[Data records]
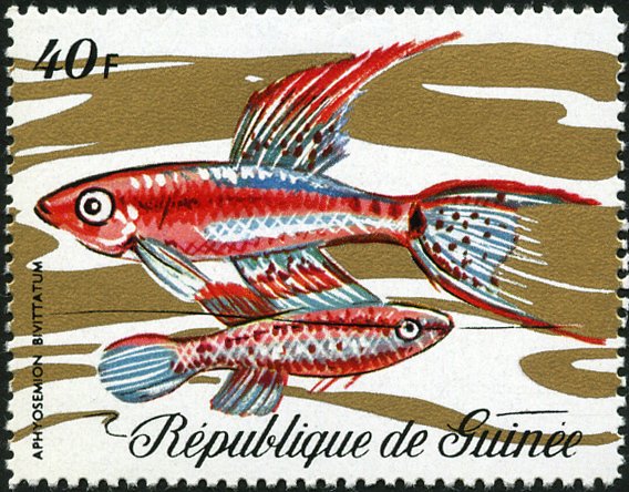 Visibility: public Image owner: none postage 4/1/1971 40fr multi dt=fishes (1971 Guinea) d=Aphyosemion bivittatum (1971) unwmk Crops No visible images cropped from this one. Measurements Resolution is unknown. Source Source name: Colnect File URL: http://i.colnect.net/b/3726/969/Two-stripe-Killifish-Aphyosemion-bivittatum.jpg Uploaded June 27, 2017, 11:46 am by Stan Shebs |
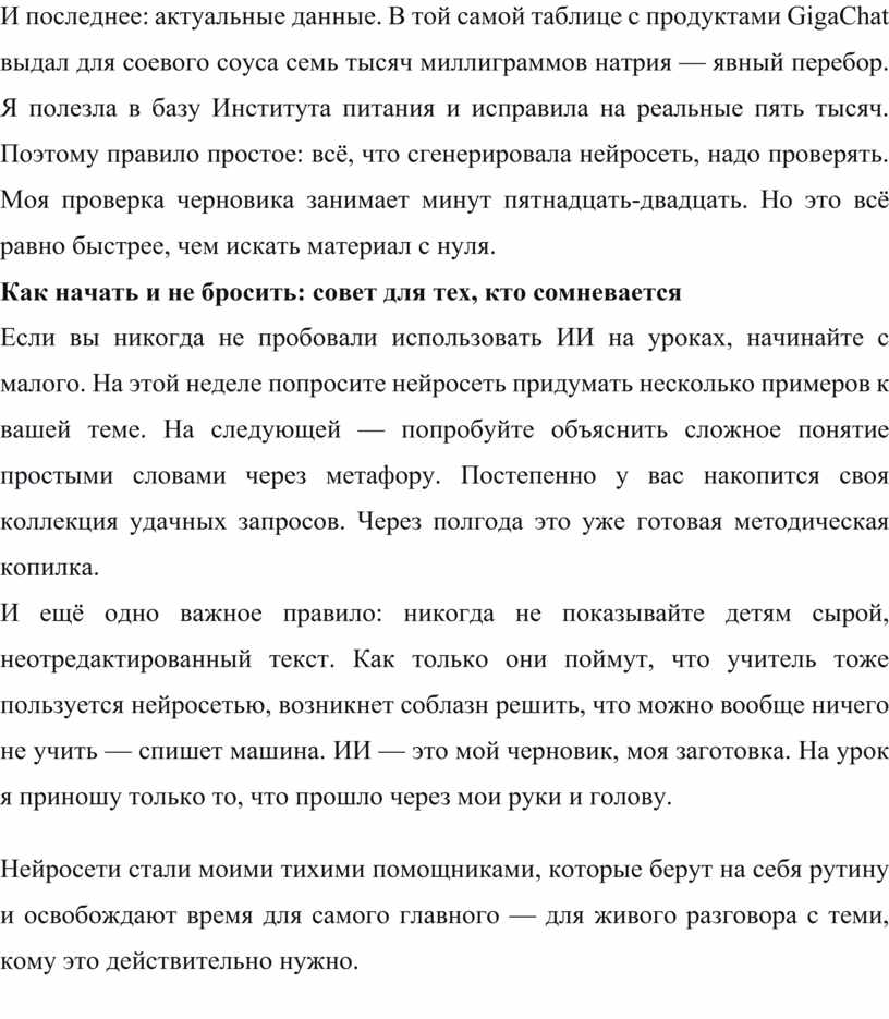 И последнее: актуальные данные. В той самой таблице с продуктами GigaChat выдал для соевого соуса семь тысяч миллиграммов натрия — явный перебор. Я полезла в базу Института питания и исправила на реальные пять тысяч. Поэтому правило простое: всё, что сгенерировала нейросеть, надо проверять. Моя проверка черновика занимает минут пятнадцать‑двадцать. Но это всё равно быстрее, чем искать материал с нуля.
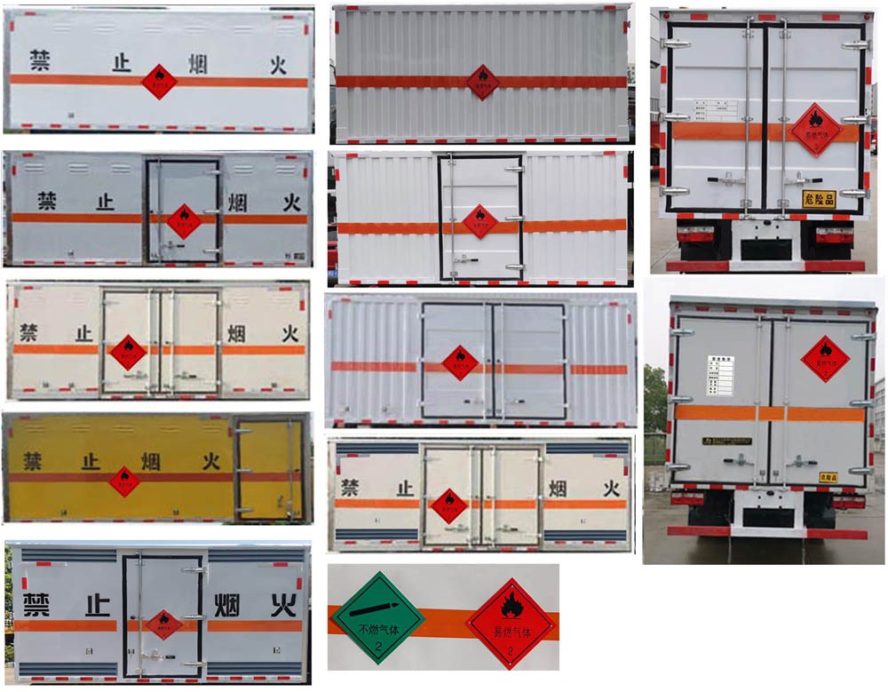 | 產(chǎn)品名稱: | 易燃氣體廂式運輸車 | 外型尺寸: | 5995×2100,2150×2970,3120(mm) |
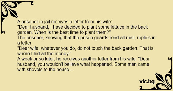 The prisoner, knowing that the prison guards read all mail, replies in a letter:
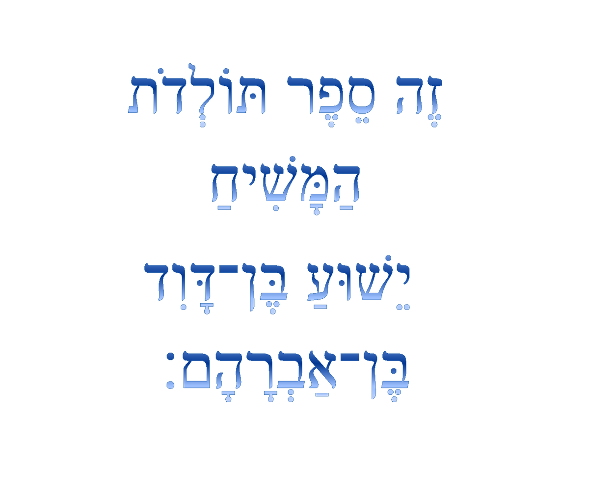 סֵפֶר תּוֹלְדוֹת יֵשׁוּעַ הַמָּשִׁיחַ בֶּן דָּוִד בֶּן אַבְרָהָם
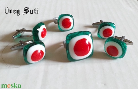 EGYEDI MEGRENDELÉS Gyűrű+ mandzsetta Tricolor Kokárda nemzeti színű üvegékszer szett
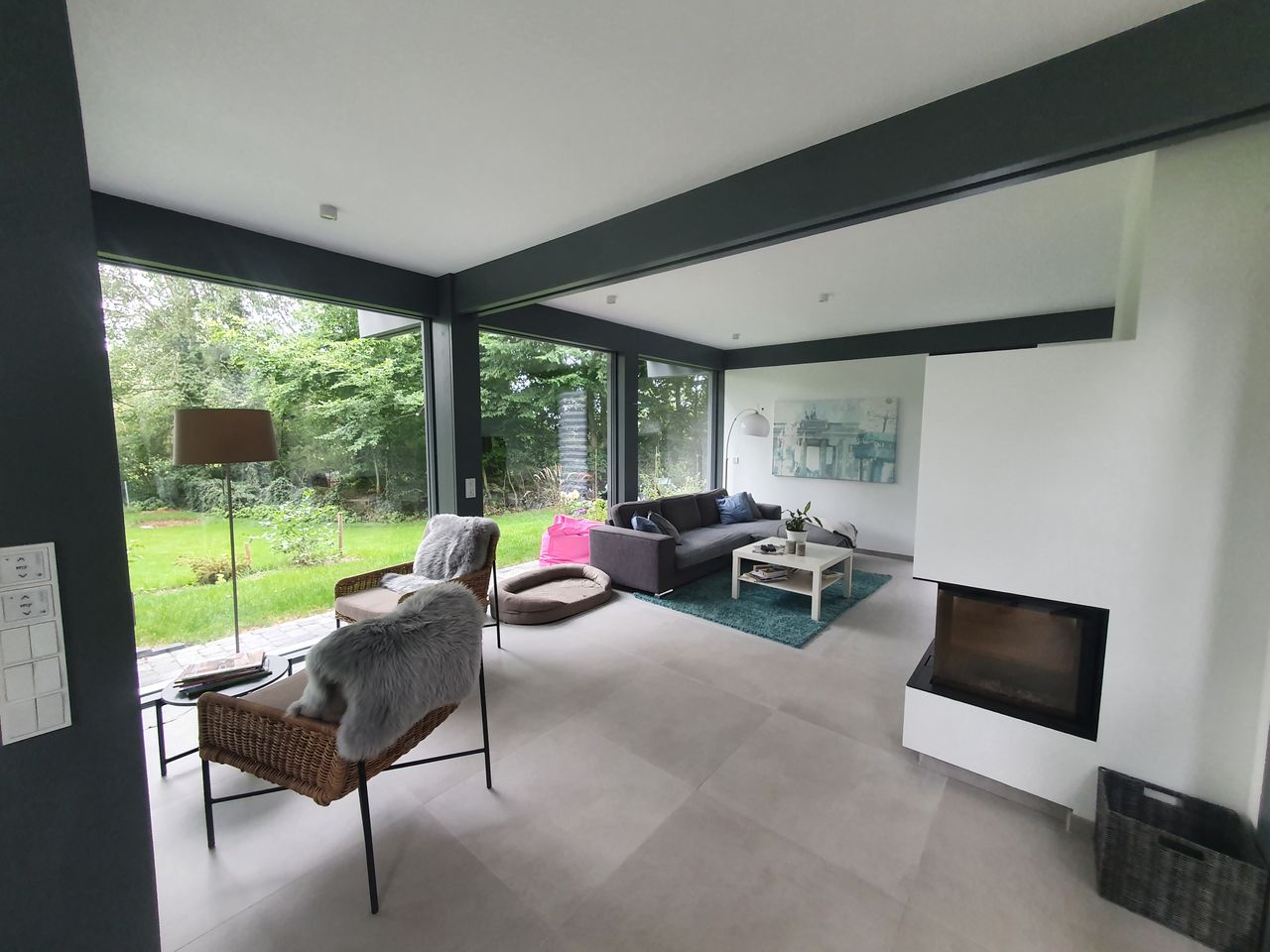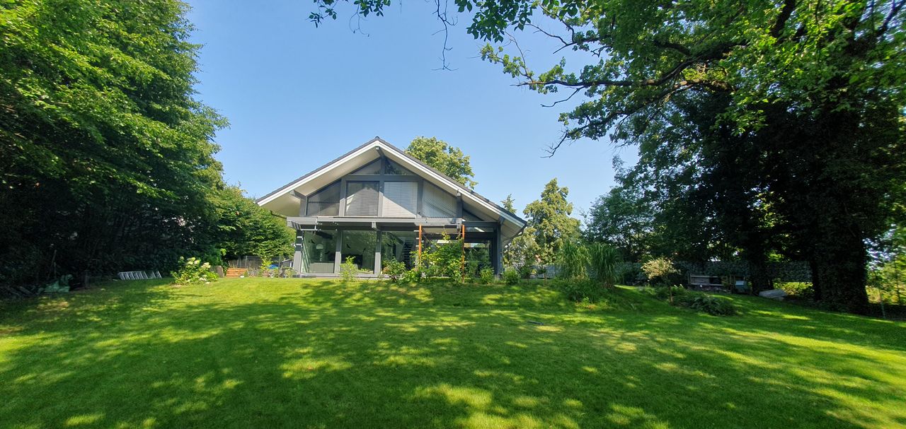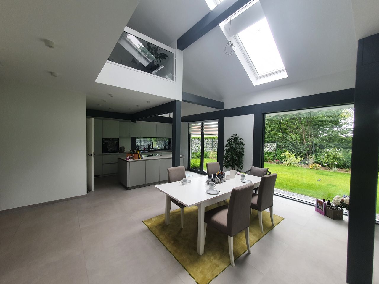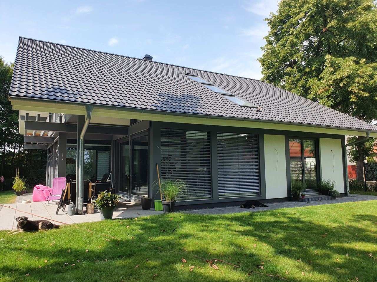 Lichtdurchfluteter, sehr großzügig und offen gestalteter Neubau in HUF-Haus Optik, graue Holzbalken in Kontrast zu weißen Wänden und hellgrauem Fußboden. Das Haus steht auf einem wunderschönen, großen Grundstück mit unverbaubarem Blick auf eine Rinderweide, eingerahmt in alten Baumbestand in einem schönen Dorf nahe Ludwigsfelde.
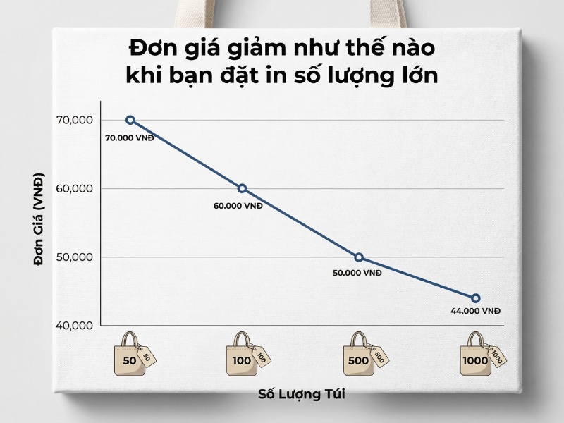 Biểu đồ phân tích mối quan hệ giữa đơn giá và số lượng đặt hàng túi vải in logo
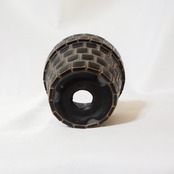素焼きの植木鉢にアイアンブラックで色付けをし、10㎜角のモザイクタイルを貼り付けました。
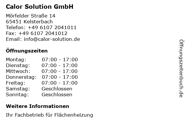 | Öffnungszeiten Calor Solution GmbH in Kelsterbach anzeigen | |
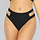 Dieses Bikini-Unterteil hat einen Maxistil und ist einfarbig schwarz. Auf beiden Seiten befinden sich zwei Riemen mit einem Ausschnitt dazwischen. Der Po liegt auf halber Strecke zwischen den Pobacken.
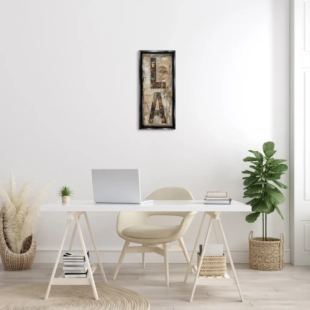 Elevate your home or office to the next level with Stupell Framed Floating Canvas Wall Art. Our premium hand-stretched canvas is mounted securely into a sturdy lightweight frame. The museum-style gap between the wrapped canvas and the box frame gives the illusion of floating artwork. Stupell Wall Art is made in the USA.Features: Dimensions: 11 x 1.7 x 25 Frame, 10 x 1.5 x 24 Canvas ArtFloating Frame Canvas Products are available in sizes 11"x25" and 14"x31". All Floating Frame Canvas Products have a 1.7" Depth.Wall Art is Ready to Hang with Hardware Free Hanging. No Installation required. For Easy Set Up Lean or Layer Artwork on Shelf or Against Wall. Artwork is Permently Fixed into the Frame.Our elevated 1.7" Thick Floating Frame is the perfect complement to our canvas style Wall Art. We use only the highest quality inks in house with industry leading printing solutions. Canvas is hand stretched over a durable wood foundation and then mounted securly into a Modern Box Frame. Made in the USA.Artwork Relates To: Rustic, Urban, Industrial, City, Letters, LADesign by Luke Wilson
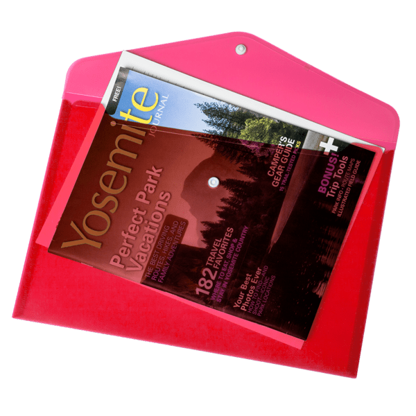 "Bold color translucent envelope-style document holder with snap-closure. Lightweight and ideal for travel or storage. One color imprint only."
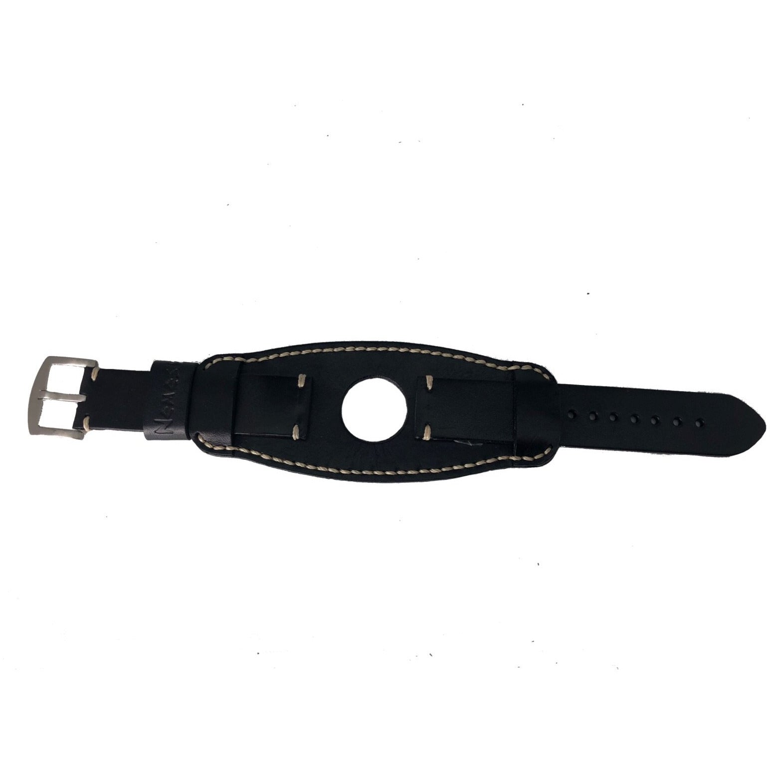 Smart Watch White Stitched Dark Brown Leather Cuff
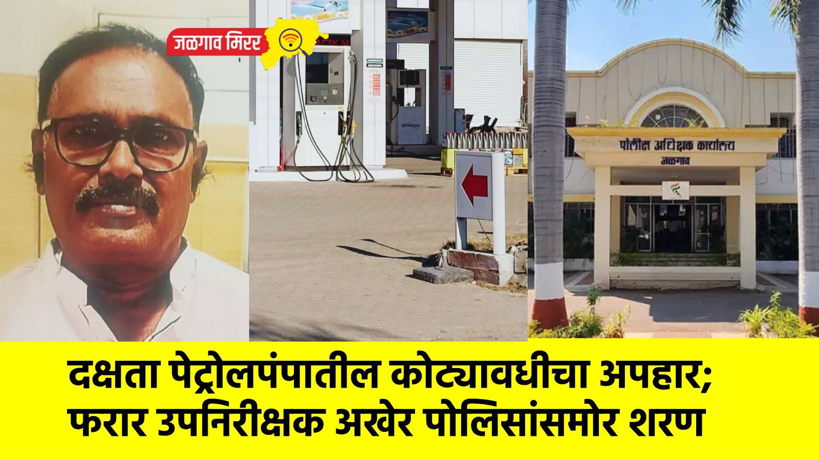 पोलिस दलाच्या दक्षता पेट्रोलपंपाच १ कोटी ३३ लाख ७५२ रुपयांचा अपहार करणारा व्यवस्थापक पोलीस उपनिरीक्षक वाल्मीक मधुकर वाघ गेल्या महिनाभरापासून फरार होता. महिनाभरापासून स्थानिक गुन्हे शाखेकडून त्याचा शोध घेवूनही तो मिळून येत नव्हता. अखेर सोमवारी दुपारच्या सुमारास संशयित वाल्मिक वाघ हा पोलिसांना स्वतःहून पोलिसांना शरण आला. त्याची प्राथमिक चौकशी केल्यानंतर त्याचा वाघ यांच्यासह मुलगा शेखर वाल्मिक वाघ (वय ३३, रा. साईनगर निमखेडी शिवार) या दोघांना अटक करण्यात आली आहे.
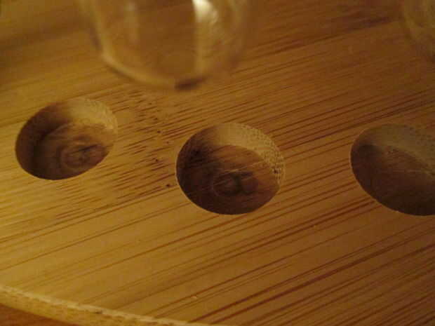 Una anomalía, siendo nuevo en el mundo del fresado de CNC, fue averiguar a qué velocidad podría cortar a través de este material de bambú sin estresar mi máquina, la broca o el bambú sí mismo. Quería cortar tan rápido como sea posible porque tenía un montón de agujeros a mill y no un montón de tiempo para hacerlo. Corte demasiado rápido aunque causado mi primer granito de arena a sobrecalentarse y ser un poco aburrido.

* [Problem to solve]
What is needed is an exact copy of only the lines above from the one with "Dieses Bikini-Unterteil hat" to the one with "पोलिस दलाच्या दक्षता", both kept, with every picture left out.

* [Finished exercise]
 Dieses Bikini-Unterteil hat einen Maxistil und ist einfarbig schwarz. Auf beiden Seiten befinden sich zwei Riemen mit einem Ausschnitt dazwischen. Der Po liegt auf halber Strecke zwischen den Pobacken.
 Elevate your home or office to the next level with Stupell Framed Floating Canvas Wall Art. Our premium hand-stretched canvas is mounted securely into a sturdy lightweight frame. The museum-style gap between the wrapped canvas and the box frame gives the illusion of floating artwork. Stupell Wall Art is made in the USA.Features: Dimensions: 11 x 1.7 x 25 Frame, 10 x 1.5 x 24 Canvas ArtFloating Frame Canvas Products are available in sizes 11"x25" and 14"x31". All Floating Frame Canvas Products have a 1.7" Depth.Wall Art is Ready to Hang with Hardware Free Hanging. No Installation required. For Easy Set Up Lean or Layer Artwork on Shelf or Against Wall. Artwork is Permently Fixed into the Frame.Our elevated 1.7" Thick Floating Frame is the perfect complement to our canvas style Wall Art. We use only the highest quality inks in house with industry leading printing solutions. Canvas is hand stretched over a durable wood foundation and then mounted securly into a Modern Box Frame. Made in the USA.Artwork Relates To: Rustic, Urban, Industrial, City, Letters, LADesign by Luke Wilson
 "Bold color translucent envelope-style document holder with snap-closure. Lightweight and ideal for travel or storage. One color imprint only."
 Smart Watch White Stitched Dark Brown Leather Cuff
 पोलिस दलाच्या दक्षता पेट्रोलपंपाच १ कोटी ३३ लाख ७५२ रुपयांचा अपहार करणारा व्यवस्थापक पोलीस उपनिरीक्षक वाल्मीक मधुकर वाघ गेल्या महिनाभरापासून फरार होता. महिनाभरापासून स्थानिक गुन्हे शाखेकडून त्याचा शोध घेवूनही तो मिळून येत नव्हता. अखेर सोमवारी दुपारच्या सुमारास संशयित वाल्मिक वाघ हा पोलिसांना स्वतःहून पोलिसांना शरण आला. त्याची प्राथमिक चौकशी केल्यानंतर त्याचा वाघ यांच्यासह मुलगा शेखर वाल्मिक वाघ (वय ३३, रा. साईनगर निमखेडी शिवार) या दोघांना अटक करण्यात आली आहे.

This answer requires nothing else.